A solo dev showed how to make macOS notice file changes using kqueue—basically the system’s built‑in “hey, this file changed” buzzer—and plugged it into a tiny Go tool called reload. Simple idea, clean write‑up, and the crowd went wild. One camp cheered the craftsmanship ("small projects FTW!") and dropped tips like the minimalist entr. Another camp instantly raised the red flag: kqueue watches files one by one, which can melt your brain (and file descriptors) on giant folders. “Use Apple’s folder‑level thing instead”—that’s FSEvents, a higher‑level system that tracks whole directories.

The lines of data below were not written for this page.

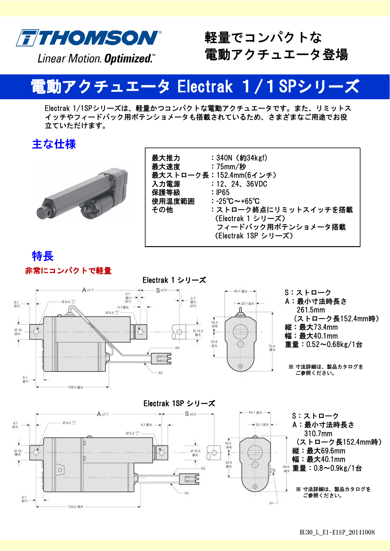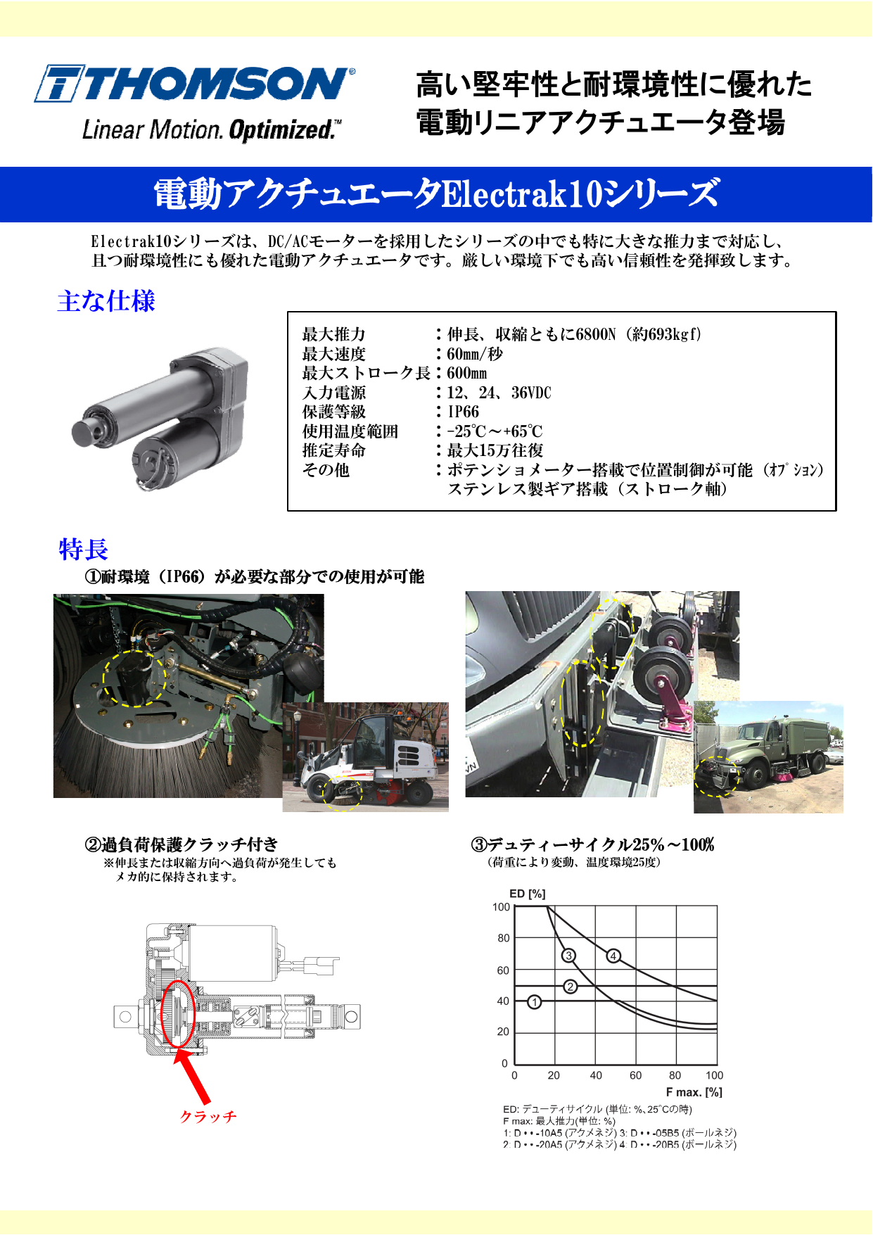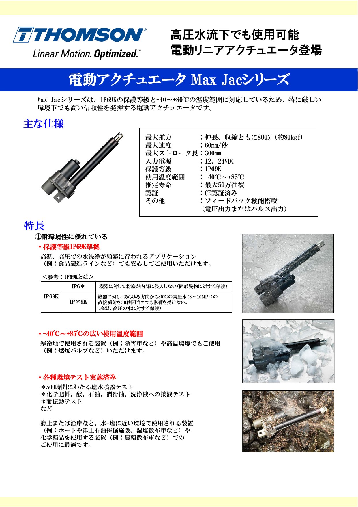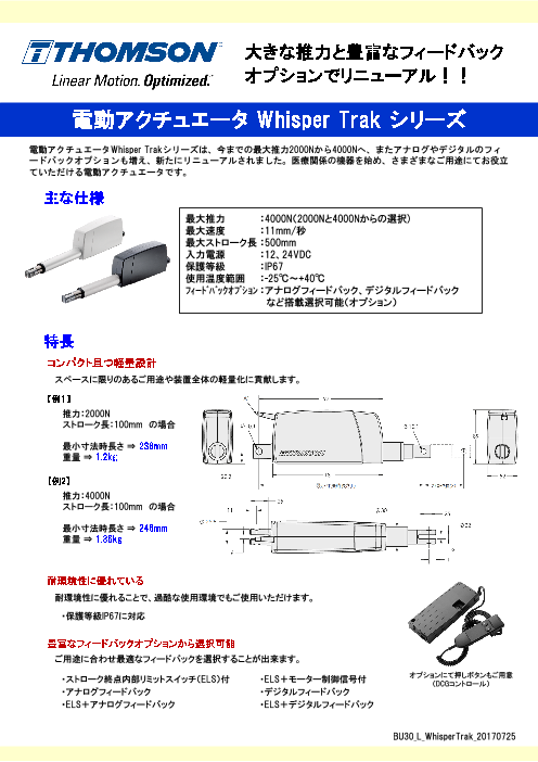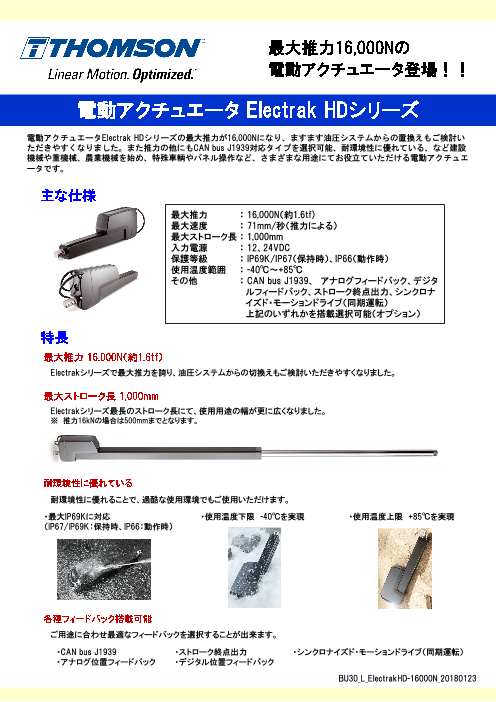 【主な特長】入力電圧:24V DC、24V DC (UL)最大負荷:10,000N (Push)、6,000N (Pull)速度(定格負荷時):16.2mm/sec(4000N仕様)ストローク:25~400mm取付寸法:≥ ...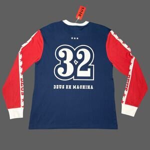 Deus Ex Machina Box Fit Round Up Long Sleeve Tee Red Blue Size XL NWT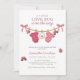 Celebrate the upcoming arrival of a sweet little love bug with this adorable baby shower invitation featuring charming ladybugs, pink gingham back, and baby bodysuits hanging from a rustic clothesline. This design is perfect for a playful yet classic baby girl shower theme.

Then the speed demons crashed in: benchmarks or it didn’t happen. One user demanded timing numbers from change to rerun—“I bet it’s super fast.” Meanwhile, portability warriors flexed: kqueue isn’t just macOS—it’s big across the BSD family too, with OpenBSD docs getting shout‑outs like they’re Michelin‑starred. And in true internet fashion, a commenter dropped their own watcher and even an eBPF experiment for the Linux-curious here.
The vibe? Cozy tool, spicy thread. Fans love the “just works” workflow; skeptics warn it won’t scale to massive projects; performance hawks want numbers; and the rest are swapping links like it’s Pokémon cards. It’s DIY energy vs enterprise scale, with a side of nerdy love for good docs and tiny tools.
Key Points
- •The author’s Go tool “reload” reruns commands when files change, watching named files or all files in the working directory.
- •Initially using fsnotify, the article explains macOS’s underlying mechanism: kqueue for file change notifications.
- •kqueue uses kevent structures with fields ident, filter, flags, fflags, and udata to register and read events.
- •For file changes, EVFILT_VNODE with NOTE_WRITE is used, along with EV_ADD and EV_CLEAR to manage event registration and resetting.
- •Multiple writes to a single file are collapsed into one event; files are opened with O_EVTONLY for event-only monitoring.